● WHAT TO PRODUCE
Return, exactly as written, the lines of the material from its top through the line with "PINGENTE BANHADO EM", keeping pictures out.

● SUPPLIED DATA
=-=-=
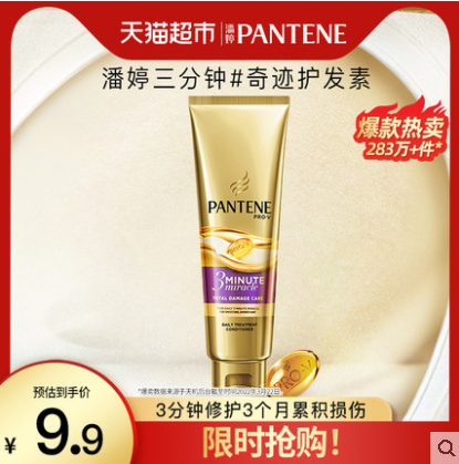 潘婷3分钟奇迹氨基酸发膜护发素修护烫染70ml×1瓶 9.9元秒杀天猫超市 推荐人: 关耳木易 发布时间:2022-04-20 15:27:55
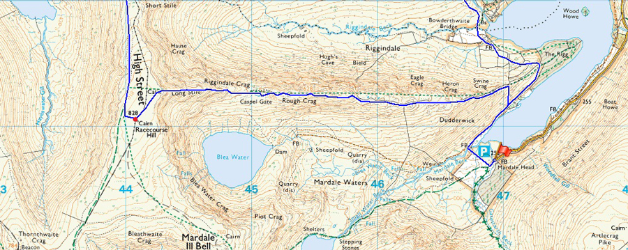 Mardale Head - Rough Crag - Caspel Gate Tarn - Long Stile - High Street - Straights of Riggindale - The Knott - Rampsgill Head - High Raise - Kidsty Pike - Kidsty Howes - Riggindale Beck - The Rigg - Mardale Head |
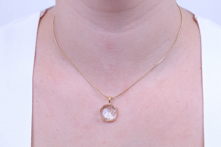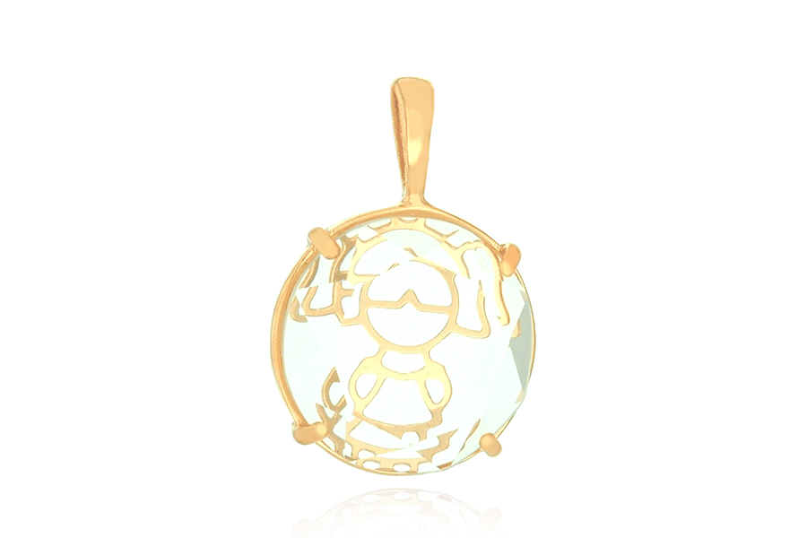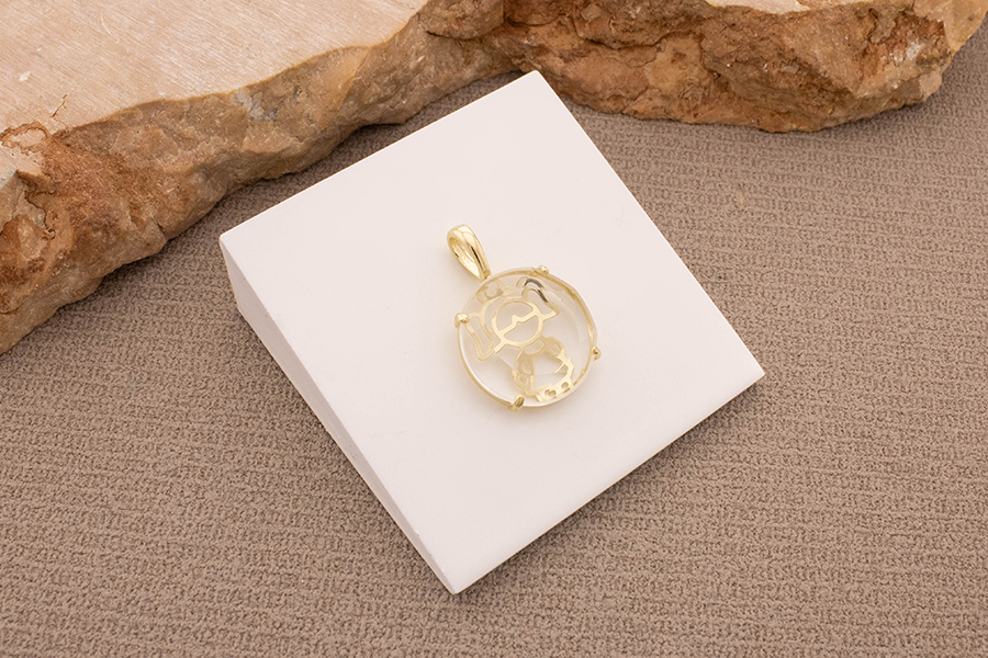 PINGENTE BANHADO EM OURO CRISTAL 16mm DIÂMETRO, BONECOS
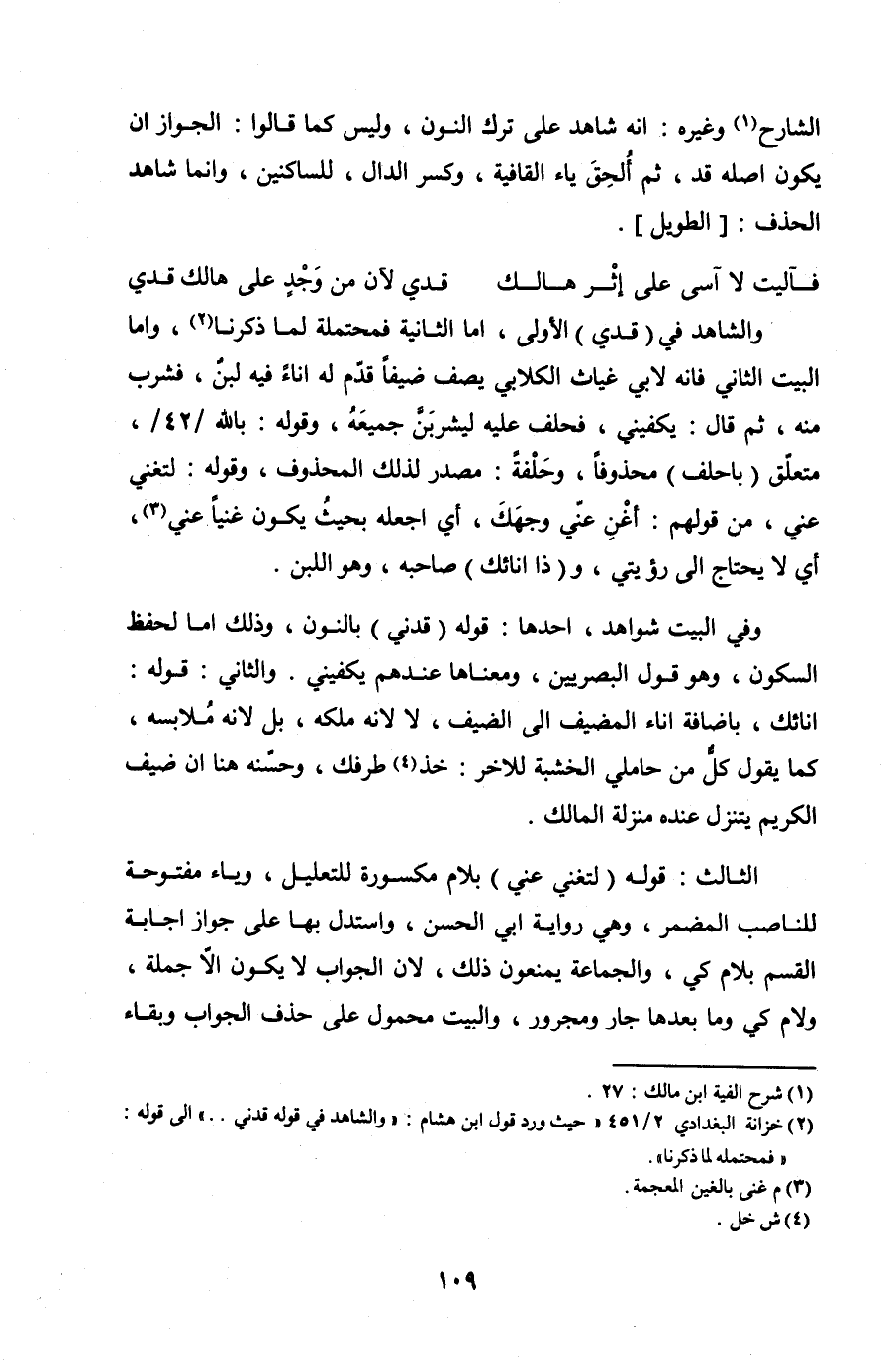 وفي البيت شواهد، أحدها: قوله (قدني) بالنون، وذلك إما لحفظ السكون، وهو قول البصريين، ومعناها عندهم يكفيني. والثاني: قوله: إنائك، بإضافة إناء المضيف إلى الضيف، لا لأنه ملكه، بل لأنه ملابسه، كما يقول كل من حاملي الخشبة للآخر: خذ طرفك، وحسنه هنا أن ضيف الكريم يتنزل عنده منزلة المالك.
=-=-=
● TASK OUTPUT
 潘婷3分钟奇迹氨基酸发膜护发素修护烫染70ml×1瓶 9.9元秒杀天猫超市 推荐人: 关耳木易 发布时间:2022-04-20 15:27:55
 Mardale Head - Rough Crag - Caspel Gate Tarn - Long Stile - High Street - Straights of Riggindale - The Knott - Rampsgill Head - High Raise - Kidsty Pike - Kidsty Howes - Riggindale Beck - The Rigg - Mardale Head |
 PINGENTE BANHADO EM OURO CRISTAL 16mm DIÂMETRO, BONECOS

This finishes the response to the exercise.